Posted 10:27 PM, Apr 02, 2025

ANNAPOLIS, Md. — Maryland lawmakers are advancing a bill that reins in the payouts victims of child sex abuse can receive for debate on the house floor.

The bill comes just two years after the body expanded victim access to civil lawsuits under Child Victims Act of 2023.

"You can't quantify someone's pain and we're trying to do that today. And I do hope they get the services they need and they deserve," said Delegate Nicole Williams while getting noticeably emotional during a tense vote in the House Judiciary Committee.

The bill amends the child victims act to lower the maximum payment to victims from $1.5 million in a private case to $700,000.

The state's maximum liability in these cases drops from $890,000 to just $400,000.

The reason this bill is being considered is to lower the financial impact the state will bear when these settlements are paid out.

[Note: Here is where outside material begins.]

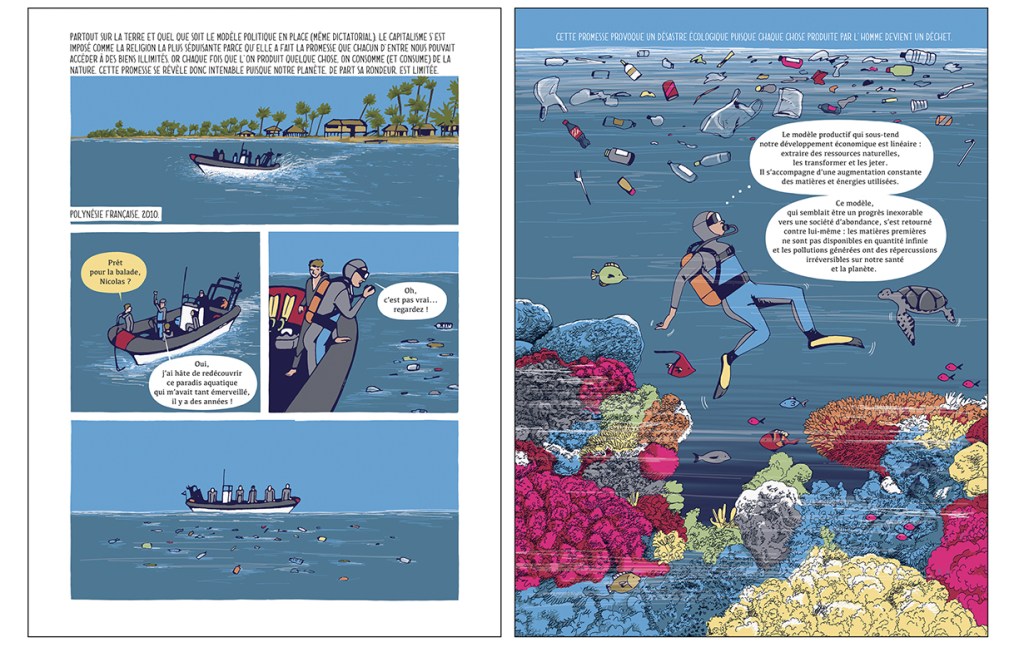 Prendre conscience du réchauffement climatique, la disparition des animaux, l’essor de la pollution en tout genre… est une noble cause. D’ailleurs, la thématique est de plus fréquente dans le 9ème art. Alors cela demande d’aborder la chose sous un angle originale si on veut toucher le public. Rustica éditions mise tout sur la réputation de l’ancien ministre. La côte de popularité de Nicolas Hulot n’a pas trop perdu de sa superbe malgré son passage aux côtés du président. Malgré quelques annonces sur la relance du nucléaire ou autres, il est perçu plutôt comme une victime. Par facile de faire des choses quand il faut flatter les lobbyistes qui financent des campagnes et qui aident à se faire élire. Parer à l’urgence, prévoir à court terme et faire plaisir à certaines personnes n’est pas pratique pour mettre en place des actions sur le long terme. Rien de nouveau sous les tropiques, la politique a toujours fonctionné ainsi. Pourquoi cela changerait en modifiant la tête pensante? Il faut être naïf pour croire cela. Cet épisode est assez bref. Tout le livre tourne autour de Nicolas Hulot. Même s’il a écrit le scénario, tout ne devait pas forcément autour de lui? Heureusement que l’on a à côté des données scientifiques, des sources, des citations…. pour le côté véridique. Faut-il comprendre qu’il est l’homme de la providence? celui qui peut vraiment changer les choses? celui qui a compris vraiment les choses et qui fait de grands pas? Côté graphique, heureusement que le nom des personnages sont données car impossible de reconnaître Nicolas Hulot, Emmanuel Macron ou les autres sinon. Le duo semble complice dans la création qui ne m’a pas convaincue. Parler d’impliquer les gens dans un combat ne nécessite pas forcément de parler de soi comme un produit miracle. Aucun doute que cette bd flatte l’égo toutefois cela ne nuit-il pas au message?

Delegate C.T. Wilson sponsors both the original bill and this one.

"It's never about the money, there's no amount of money that's going to undo anything to anybody so we have to make sure we also protect the taxpayers in this because they are not culpable because if not we will be cutting services and raising taxes," said Wilson to WMAR outside the House chamber.

Delegate Robin Grammer, a yes vote for the original victims act in 2023, a no vote in committee on this bill to change it was vocal about his displeasure with this legislation during the voting session Wednesday.

"Now that we've realized the state is the biggest defender, we're cutting that damage, we're cutting that protection in half. So I think if we were honest with ourselves at this point, we should call this the predator protection act because essentially that's what it does," said Grammer.

The legislation also clarifies that no matter how many times someone was abused, the victim is entitled to only one payout.

"So if you were raped hundreds of times over ten years by multiple people, you used to be able to have multiple claims, now you get one claim and that's burnt down to a couple hundred thousand dollars," said Grammer.

Delegate Wilson maintains this is not about the money.

"Whether it be one time or a hundred times there's no amount of money that's going to erase that and whether we give them $100,000 or $2 billion there's no amount of money that's going to change what happened to these people," said Wilson.

The bill has a quickly approaching deadline of Monday, April 7 at midnight to get passed out of both chambers.